Posted on 03/18/2006 5:58:16 AM PST by KCRW

SADDAM HUSSEIN'S REGIME PROVIDED FINANCIAL support to Abu Sayyaf, the al Qaeda-linked jihadist group founded by Osama bin Laden's brother-in-law in the Philippines in the late 1990s, according to documents captured in postwar Iraq. An eight-page fax dated June 6, 2001, and sent from the Iraqi ambassador in Manila to the Ministry of Foreign Affairs in Baghdad, provides an update on Abu Sayyaf kidnappings and indicates that the Iraqi regime was providing the group with money to purchase weapons. The Iraqi regime suspended its support--temporarily, it seems--after high-profile kidnappings, including of Americans, focused international attention on the terrorist group.

The fax comes from the vast collection of documents recovered in postwar Afghanistan and Iraq. Up to this point, those materials have been kept from the American public.

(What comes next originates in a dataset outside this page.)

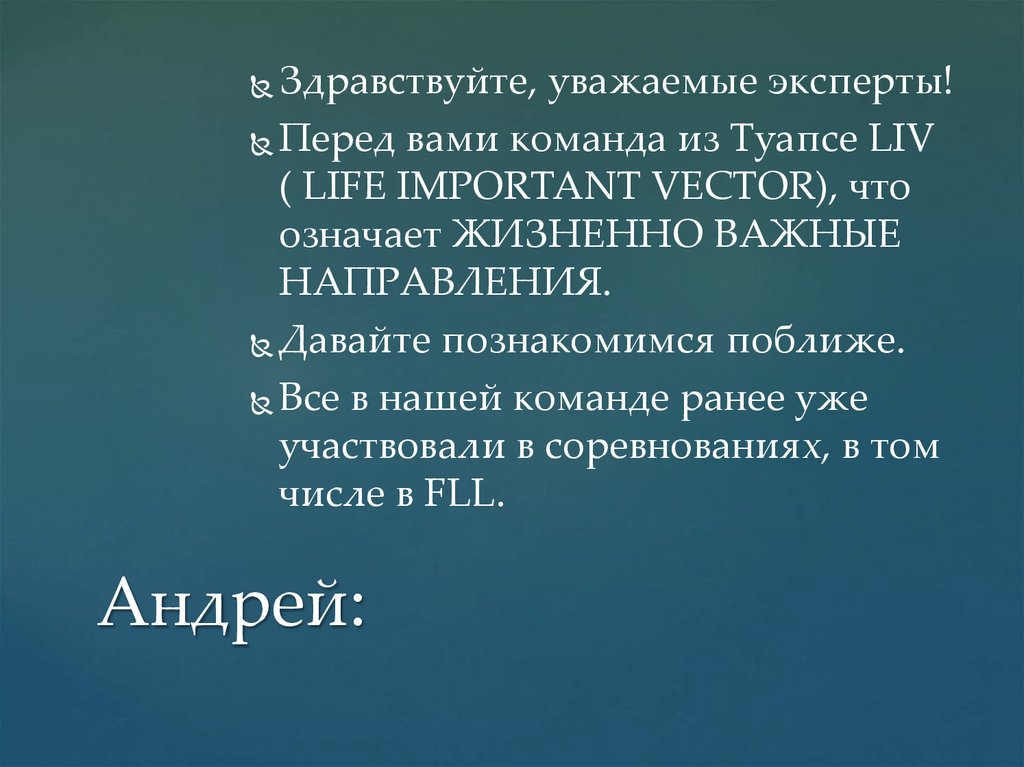 Здравствуйте, уважаемые эксперты!Перед вами команда из Туапсе LIV

Now the proverbial dam has broken. On March 16, the U.S. government posted on the web 9 documents captured in Iraq, as well as 28 al Qaeda documents that had been released in February. Earlier last week, Foreign Affairs magazine published a lengthy article based on a review of 700 Iraqi documents by analysts with the Institute for Defense Analysis and the Joint Forces Command in Norfolk, Virginia. Plans for the release of many more documents have been announced. And if the contents of the recently released materials and other documents obtained by The Weekly Standard are any indication, the discussion of the threat posed by Saddam Hussein's Iraq is about to get more interesting.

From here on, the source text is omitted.